Lithuanian-American theatre owner/operator and producer (1871–1953)

Lee Shubert (born Levi Schubart; March 25, 1871 – December 25, 1953) (Note: The New York Times obituary of December 26, 1953, gave his date of birth as March 15, 1875, although Shubert had told friends he was more than 80. His draft registration card of September 1918 listed the same birth date, while also checking the "Native Born" box.) was a Lithuanian-born American theatre owner/operator and producer. He was the eldest of three brothers of the notable Shubert family.

==Early life==
Born to a Jewish family, the son of Duvvid Schubart and Katrina Helwitz, in Vladislavov, in the Suwałki Governorate of Congress Poland, a part of the Russian Empire (present-day Kudirkos Naumiestis, Lithuania), Shubert was 11 years old when the family emigrated to the United States and settled in Syracuse, New York, where a number of Jewish families from their hometown already were living.

==Career==
His father's alcoholism kept the family in difficult financial circumstances, and Lee Shubert went to work selling newspapers on a street corner. With borrowed money, he and younger brothers Sam and Jacob eventually embarked on a business venture that led to them to become the successful operators of several theaters in upstate New York.

The Shubert brothers decided to expand to the huge market in New York City, and at the end of March 1900 they leased the Herald Square Theatre at the corner of Broadway and 35th Street in Manhattan. Leaving younger brother Jacob at home to manage their existing theatres, Lee and Sam Shubert moved to New York City, where they laid the foundations for what was to become the largest theatre empire in the 20th century, including the Winter Garden and Shubert Theatres.

The all-powerful Theatrical Syndicate essentially excluded competition. Since the Shuberts were not permitted to use Syndicate-controlled theaters, they put on shows in rented circus tents, holding "three times as many customers as the typical theater." In 1910, they formed the Independent National Theatre Owner's Association, which brought about the defection of many theaters from all around the country that previously had been affiliated with the Syndicate. In 1922, it was announced that "Lee Shubert and A. L. Erlanger ... rivals for twenty years" had reached a working understanding.

Lee Shubert was a hard nosed businessman who has been criticized for being money and power oriented with little interest in culture. He was well-known for banning critics from all his theaters if they wrote something that upset him, to the point that the laws in the state of New York were changed to prevent the practice. Nonetheless, he recognized the need to attract some of the top stage actors from the long-established European theatres (as Gaby Deslys) to perform at the new Broadway houses. After a disastrous production of Hamlet in 1901 at a competitor's theatre, French megastar Sarah Bernhardt vowed never to return to America until Lee Shubert convinced her to perform for his company in 1905.
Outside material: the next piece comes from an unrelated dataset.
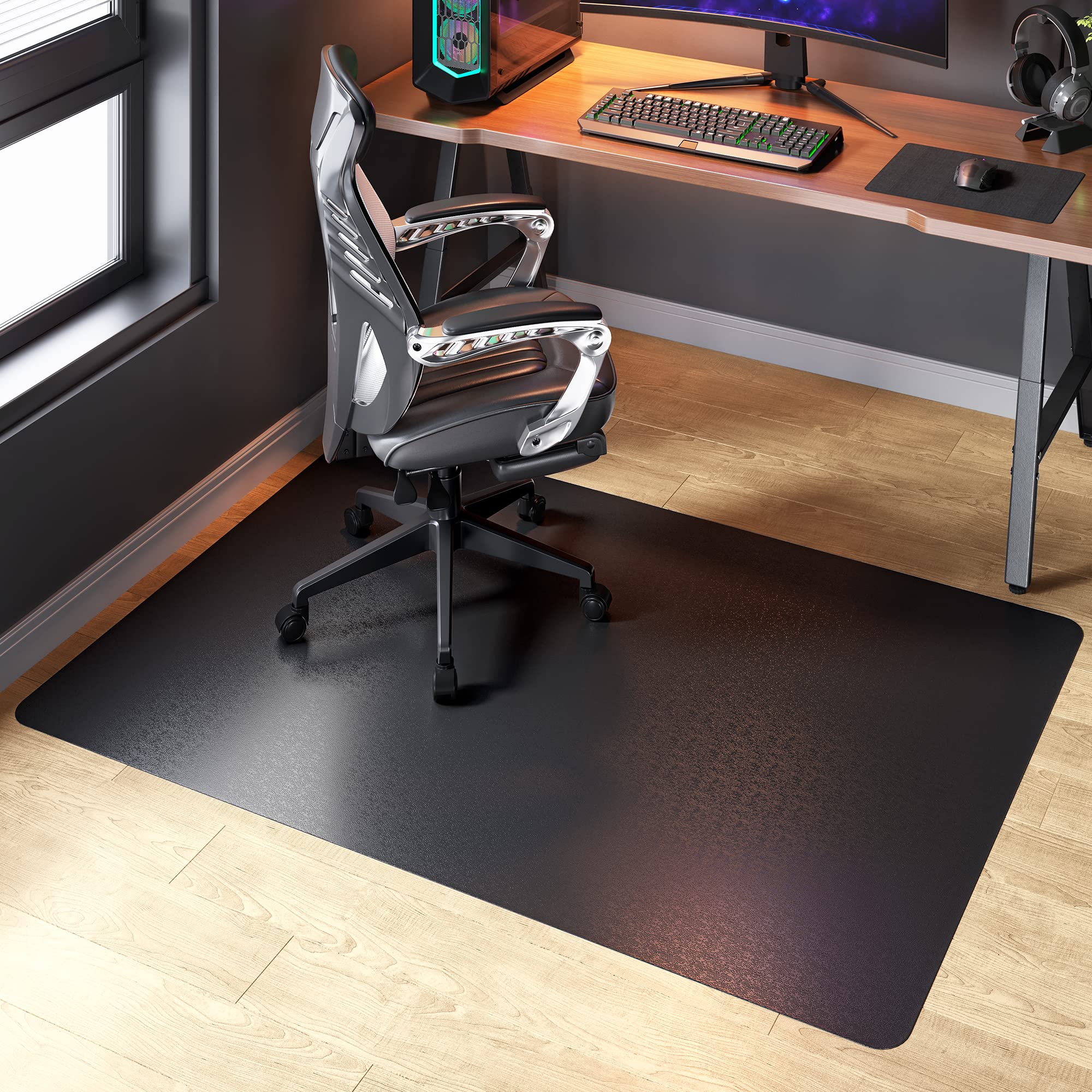 【新着】【 限定】チチロバ TITIROBAチェアマット 床保護マット 120×90×0.15cm ゲーミングチェアマット PVCマット 傷防止 椅子 デスク フロア 床暖房対応 防音 滑り止め 両面テープ付き おしゃれ カーペット 黒 22FC001

At his death in 1953, Shubert's estate was worth $16 million . He boasted in 1924 of his family success:
We began building theaters, and introduced practical commercial methods into a flagrantly impractical and precarious profession....This sordid commercialism has helped to make the American stage a legitimate, financial risk, stabilized its revenue, attracted real money to it, reduced the margin of chance, increased its facilities, and widened its opportunities.

==Personal life==
Shubert was married to Marcella Swanson, a former actress who was approximately 30 years younger. They had previously been secretly married on July 29, 1936, in Berlin and divorced in September 1948 in Reno, Nevada. They remarried in Miami in March 1949. (Note: Time magazine reported the remarriage was in February 1949.)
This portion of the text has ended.